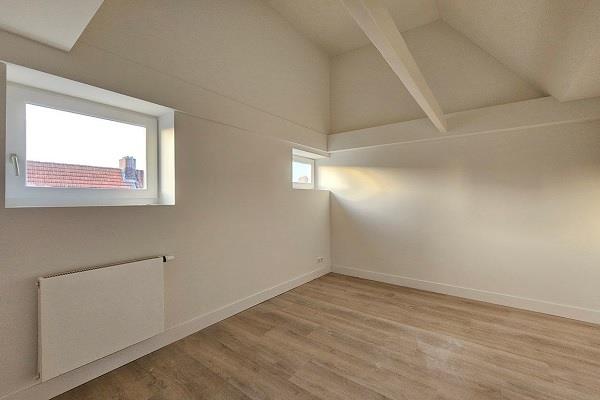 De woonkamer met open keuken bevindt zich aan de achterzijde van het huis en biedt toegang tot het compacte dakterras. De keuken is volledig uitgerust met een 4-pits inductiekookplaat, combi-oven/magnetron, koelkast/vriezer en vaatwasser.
--
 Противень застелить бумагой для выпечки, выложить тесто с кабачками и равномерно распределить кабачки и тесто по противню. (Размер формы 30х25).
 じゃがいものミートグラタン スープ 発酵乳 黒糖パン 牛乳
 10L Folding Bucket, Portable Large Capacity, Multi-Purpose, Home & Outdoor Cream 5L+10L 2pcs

== What to produce ==
Could you set down, word for word, only the lines above from the line with "Противень застелить бумагой" to the line with "10L Folding Bucket, Portable", including both?

== Result of the task ==
 Противень застелить бумагой для выпечки, выложить тесто с кабачками и равномерно распределить кабачки и тесто по противню. (Размер формы 30х25).
 じゃがいものミートグラタン スープ 発酵乳 黒糖パン 牛乳
 10L Folding Bucket, Portable Large Capacity, Multi-Purpose, Home & Outdoor Cream 5L+10L 2pcs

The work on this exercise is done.